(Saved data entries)
┌──

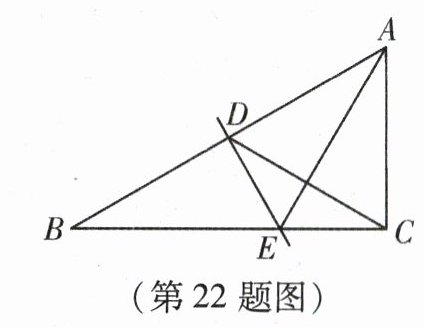 22. (本小题12分)如图,在Rt△ABC中,∠ACB = 90°,∠B = 30°,DE是AB的垂直平分线,交AB、BC于点D、E,连接CD、AE. 求证:
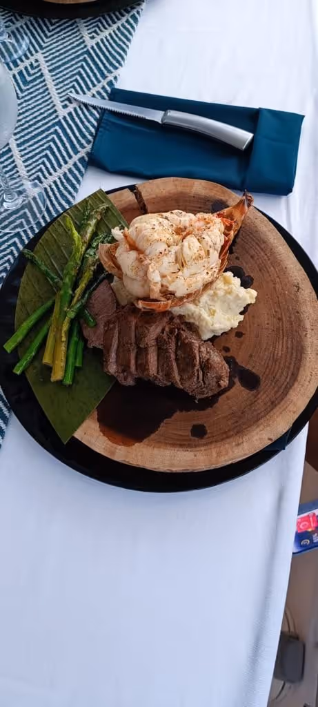 Cheese Plate, Tropical Style Salad, Surf & Turf (Lobster & Filet Mignon, Dessert: Chef’s Choice
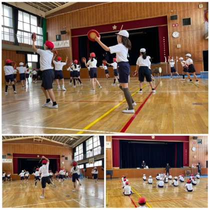 4年生は、講堂でエイサーの練習をしていました。みんな動きをよく覚えていて、とても上手です。太鼓の音がぴたりと合うと、とても迫力がありました。
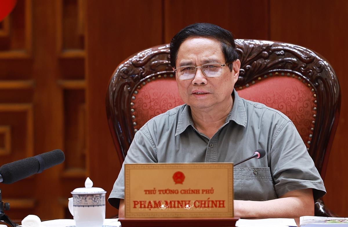Thủ tướng Phạm Minh Chính chủ trì cuộc họp về triển khai chiến dịch xây dựng trường học cho các xã biên giới (27/7/2025). Ảnh: Dương Giang-TTXVN
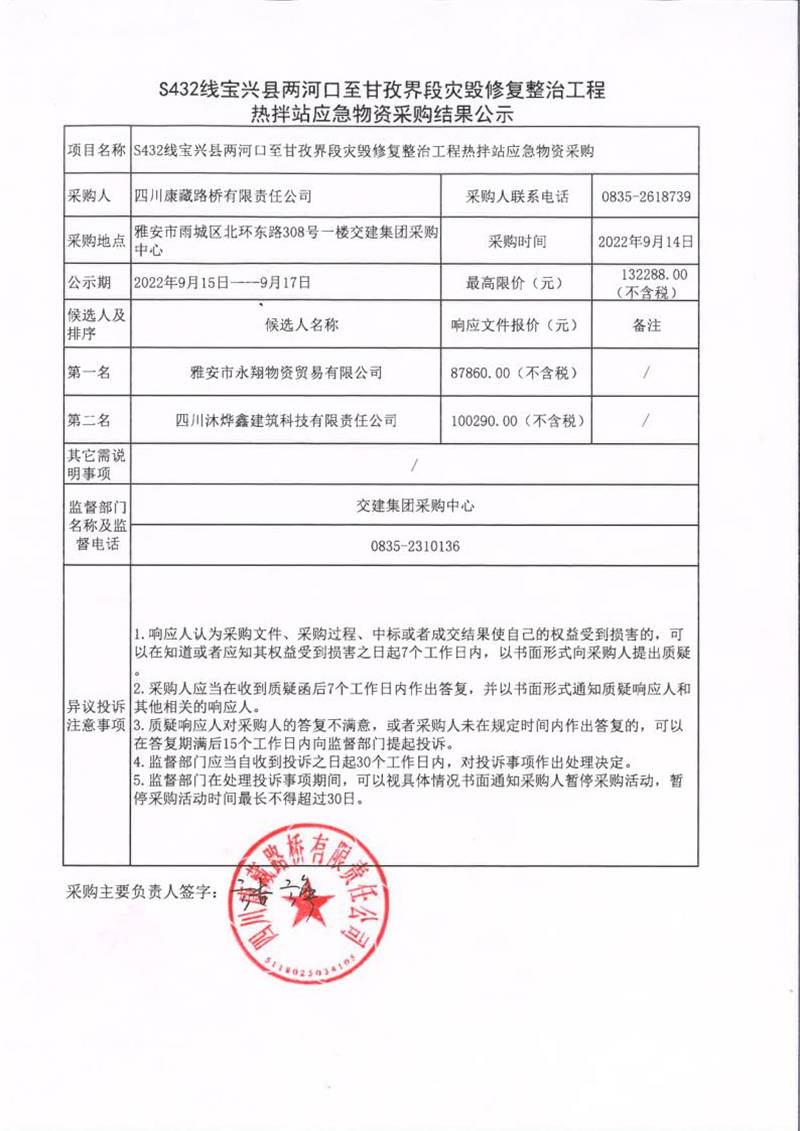 四川康藏路橋有限責任公司S432線寶興縣兩河口至甘孜界段災毀修復整治工程熱拌站應急物資采購結(jié)果公示
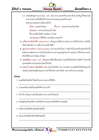 - Direct Current - มัธยมศึกษา 6 Weerawatyothin School WORRACHET BOONYONG - 5 - 1. ถ้าประจุไฟฟ้าที่ไหลผ่านลวดตัวน่าหนึ่งในเวลา 2 นาที เท่ากับ 600 ไมโครคูลอมบ์ กระแสไฟฟ้าที่ไหล ผ่านลวดตัวน่านี้จะมีค่ากี่แอมแปร์ วิธีทา ______________________________________________________________________________________ ______________________________________________________________________________________ ______________________________________________________________________________________ ______________________________________________________________________________________ ______________________________________________________________________________________ ______________________________________________________________________________________ 2. ถ้าปริมาณประจุไฟฟ้าที่ผ่านหลอดไฟใน 1 นาที เท่ากับ 120 ไมโครคูลอมบ์ กระแสไฟฟ้าที่ไหลผ่าน หลอดไฟมีค่ากี่แอมแปร์ วิธีทา ______________________________________________________________________________________ ______________________________________________________________________________________ ______________________________________________________________________________________ ______________________________________________________________________________________ ______________________________________________________________________________________ ______________________________________________________________________________________ ______________________________________________________________________________________ 3. ถ้ามีกระแสไฟฟ้า1.25 แอมแปร์ ในเส้นลวดโลหะเส้นหนึ่ง ประจุไฟฟ้าทั้งหมดที่ผ่านพื้นที่หน้าตัดของ เส้นลวดโลหะนั้นในเวลา 5 นาที จะมีค่าเท่าไร วิธีทา ______________________________________________________________________________________ ______________________________________________________________________________________ ______________________________________________________________________________________ ______________________________________________________________________________________ ______________________________________________________________________________________ ______________________________________________________________________________________ ______________________________________________________________________________________ โจทย์ปัญหา กระแสไฟฟ้า
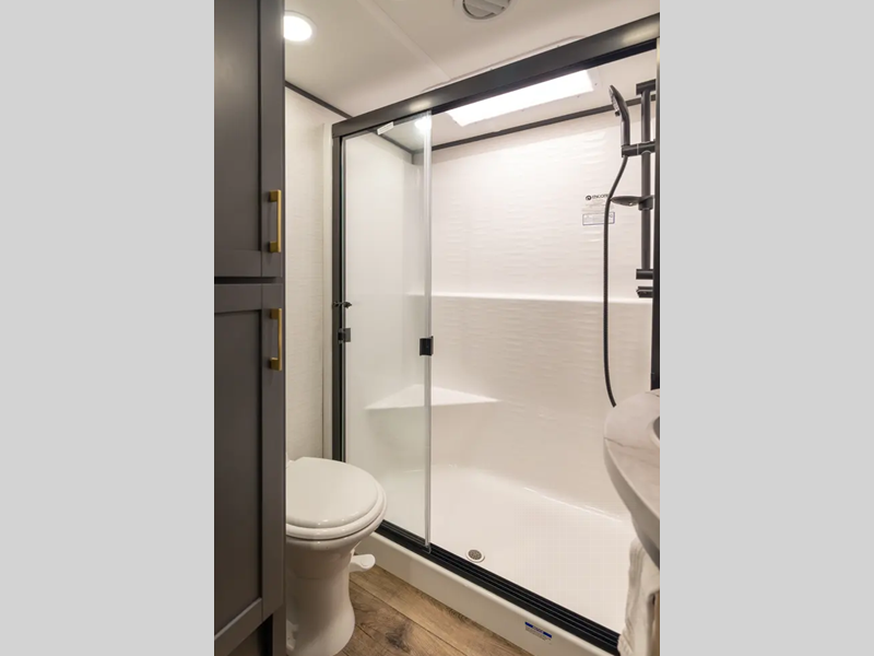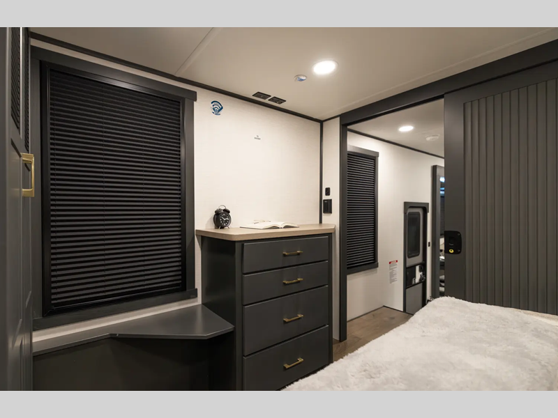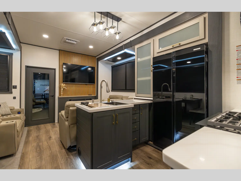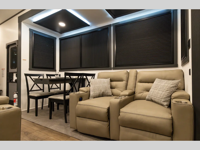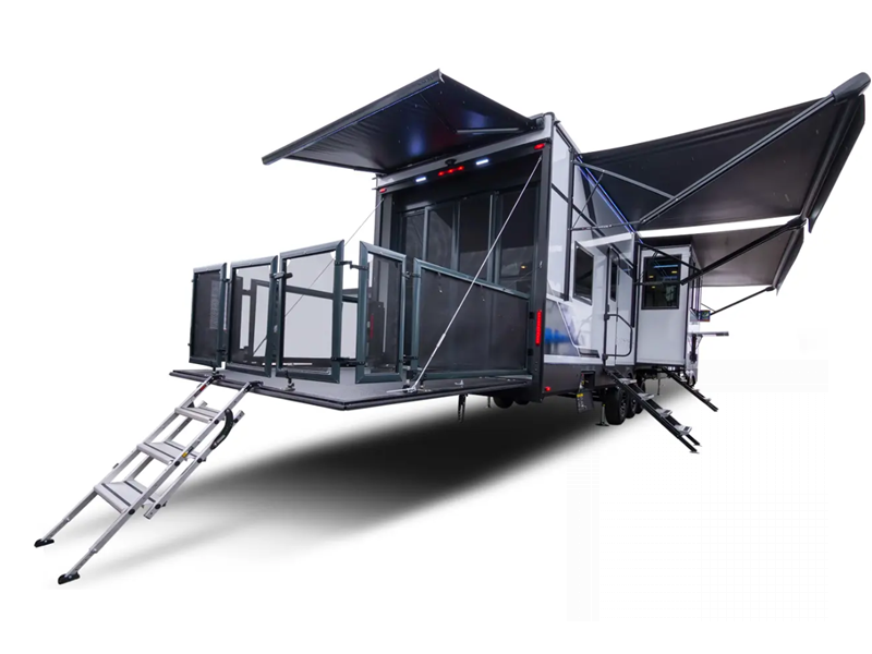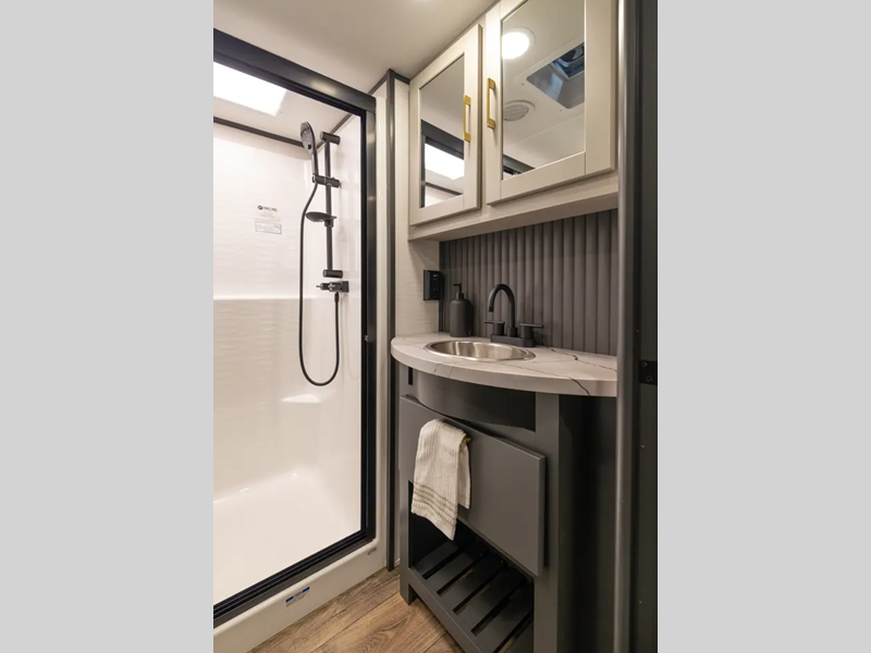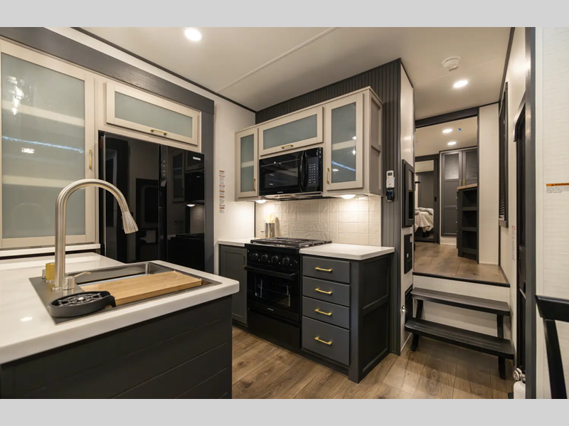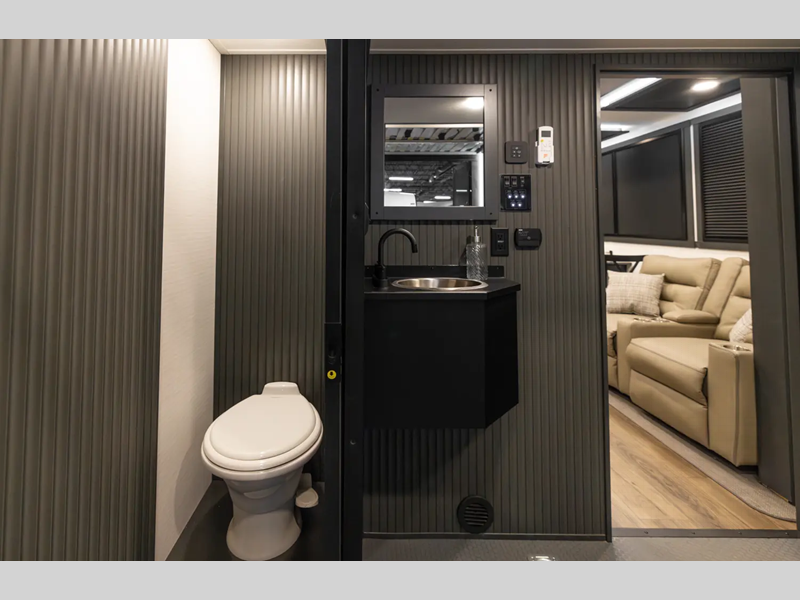 These toy haulers are 3/4 ton or 1 ton towable, and the additional height and width provides extra room for your toys to come along too. The MORryde CRE3000 suspension enhancement makes towing smooth and the Ground Control 3.0 auto electric leveling will have you set up at camp in no-time. The contemporary interior design will make your space feel a little more like home and the Congoleum stain-resistant vinyl flooring is perfect for a toy hauler with dirt, gas, and oil being brought in.

└──

▶ **WHAT IS BEING ASKED**: Return exactly the lines of the data, beginning with the first and ending with the line containing "四川康藏路橋有限責任公司S4". Skip the pictures.

▶ **RESULT OF THE EXERCISE**:
 22. (本小题12分)如图,在Rt△ABC中,∠ACB = 90°,∠B = 30°,DE是AB的垂直平分线,交AB、BC于点D、E,连接CD、AE. 求证:
 Cheese Plate, Tropical Style Salad, Surf & Turf (Lobster & Filet Mignon, Dessert: Chef’s Choice
 4年生は、講堂でエイサーの練習をしていました。みんな動きをよく覚えていて、とても上手です。太鼓の音がぴたりと合うと、とても迫力がありました。
Thủ tướng Phạm Minh Chính chủ trì cuộc họp về triển khai chiến dịch xây dựng trường học cho các xã biên giới (27/7/2025). Ảnh: Dương Giang-TTXVN
 四川康藏路橋有限責任公司S432線寶興縣兩河口至甘孜界段災毀修復整治工程熱拌站應急物資采購結(jié)果公示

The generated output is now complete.